Statistical uncertainty analysis-based precipitation merging (SUPER): A new framework for improved global precipitation estimation
- 1Tianjin University, China (dongjianzhi@tju.edu.cn)
- 2USDA Hydrology and Remote Sensing Laboratory, Beltsville, MD, USA
- 3Earth System Science Interdisciplinary Center, University of Maryland, College Park, MD, USA
- 4Hydrological Sciences Laboratory, NASA Goddard Space Flight Center, Greenbelt, MD, USA
- 5Collaborative Innovation Center on Forecast and Evaluation of Meteorological Disasters/Key Laboratory of Meteorological Disaster, Ministry of Education/International Joint Research Laboratory on Climate and Environment Change, NUIST, Nanjing 210044, China
- 6Guangdong Provincial Key Laboratory of Urbanization and Geo-simulation, School of Geography and Planning, Sun Yat-sen University, Guangzhou 510275, China
- 7School of Hydrology and Water Resources, Nanjing University of Information Science & Technology, Nanjing, China
- 8School of Geographical Sciences, East China Normal University, Shanghai, China
- 9Department of Physical Geography and Ecosystem Science, Lund University, Sweden
Multi-source merging is an established tool for improving large-scale precipitation estimates. Existing merging frameworks typically use gauge-based precipitation error statistics and neglect the inter-dependence of various precipitation products. However, gauge-observation uncertainties at daily and sub-daily time scales can bias merging weights and yield sub-optimal precipitation estimates, particularly over data-sparse regions. Likewise, frameworks ignoring inter-product error cross-correlation will overfit precipitation observation noise. Here, a Statistical Uncertainty analysis-based Precipitation mERging framework (SUPER) is proposed for addressing these challenges. Specifically, a quadruple collocation analysis is employed to estimate precipitation error variances and covariances for commonly used precipitation products. These error estimates are subsequently used for merging all products via a least-squares minimization approach. In addition, false-alarm precipitation events are removed via a reference rain/no-rain time series estimated by a newly developed categorical variable merging method. As such, SUPER does not require any rain gauge observations to reduce daily random and rain/no-rain classification errors. Additionally, by considering precipitation product inter-dependency, SUPER avoids overfitting measurement noise present in multi-source precipitation products. Results show that the overall RMSE of SUPER-based precipitation is 3.35 mm/day and the daily correlation with gauge observations is 0.71 [−] – metrics that are generally superior to recent precipitation reanalyses and remote sensing products. In this way, we seek to propose a new framework for robustly generating global precipitation datasets that can improve land surface and hydrological modeling skill in data-sparse regions.
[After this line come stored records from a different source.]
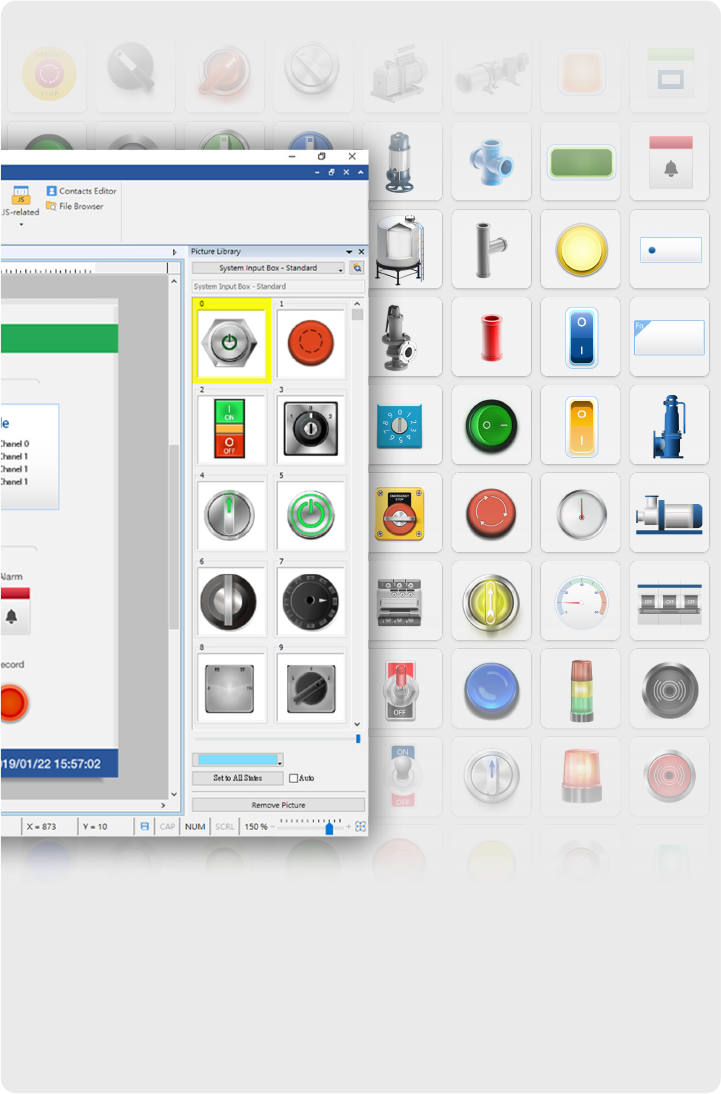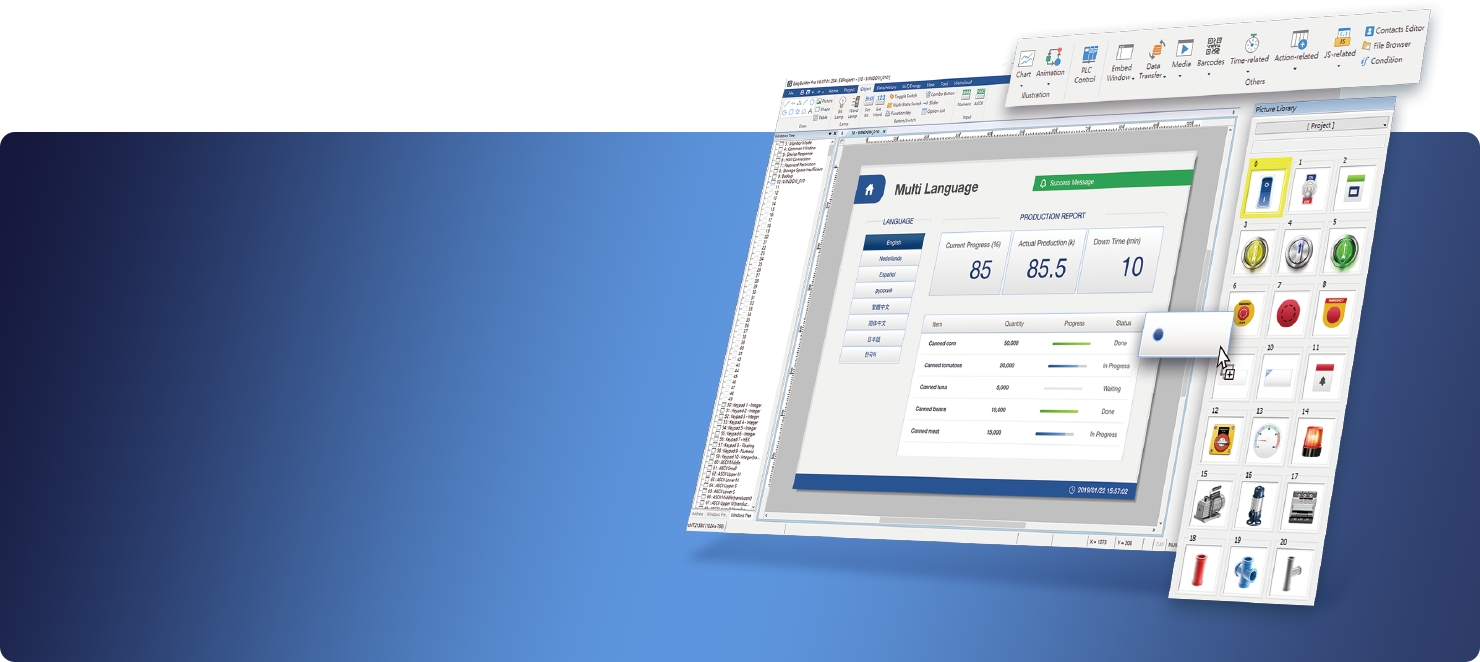 腳本指令語法簡單易用,即使是新手也能快速上手。運(yùn)用腳本能靈活實(shí)現(xiàn)數(shù)據(jù)擷取、復(fù)雜運(yùn)算和邏輯判斷等操作,強(qiáng)化HMI的能力與應(yīng)用彈性。
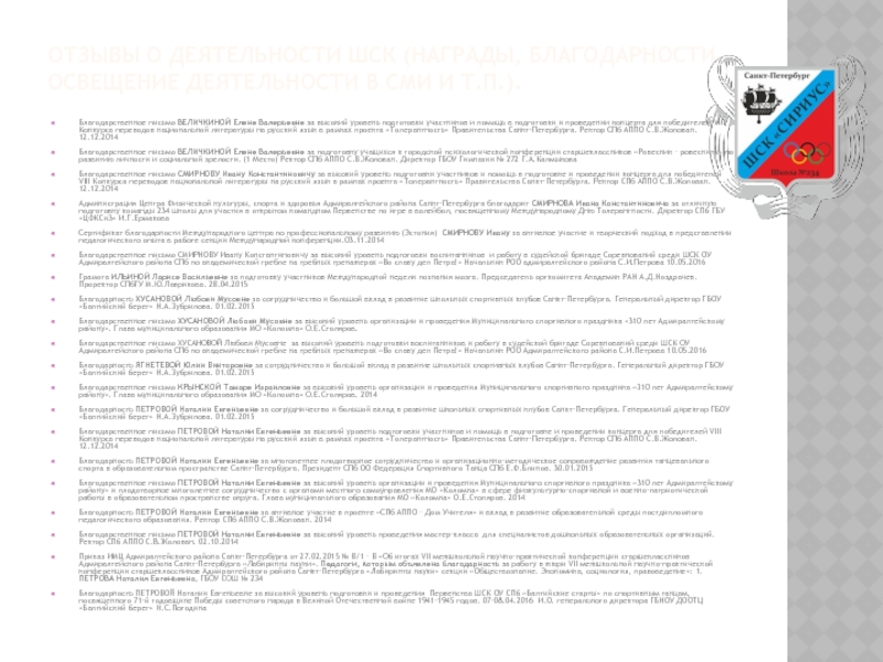 Слайд 23Отзывы о деятельности ШСК (награды, благодарности, освещение деятельности в СМИ
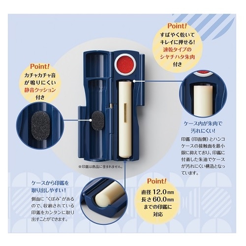 直径12.0mm×長さ60.0mm以内の印鑑が1本収納可能。蓋を開けた時180度で止まり、印鑑が飛び出しにくい構造です。持ち運び時にカチャカチャ音が鳴りにくい静音クッション付き。すばやく乾いてキレイに捺せる速乾タイプのシヤチハタ朱肉を採用しています。【検索ハッシュタグ】#

How to cite: Dong, J., T.Crow, W., Chen, X., Tangdamrongsub, N., Gao, M., Sun, S., Qiu, J., Wei, L., Gao, H., and Duan, Z.: Statistical uncertainty analysis-based precipitation merging (SUPER): A new framework for improved global precipitation estimation, EGU General Assembly 2023, Vienna, Austria, 24–28 Apr 2023, EGU23-4247, https://doi.org/10.5194/egusphere-egu23-4247, 2023.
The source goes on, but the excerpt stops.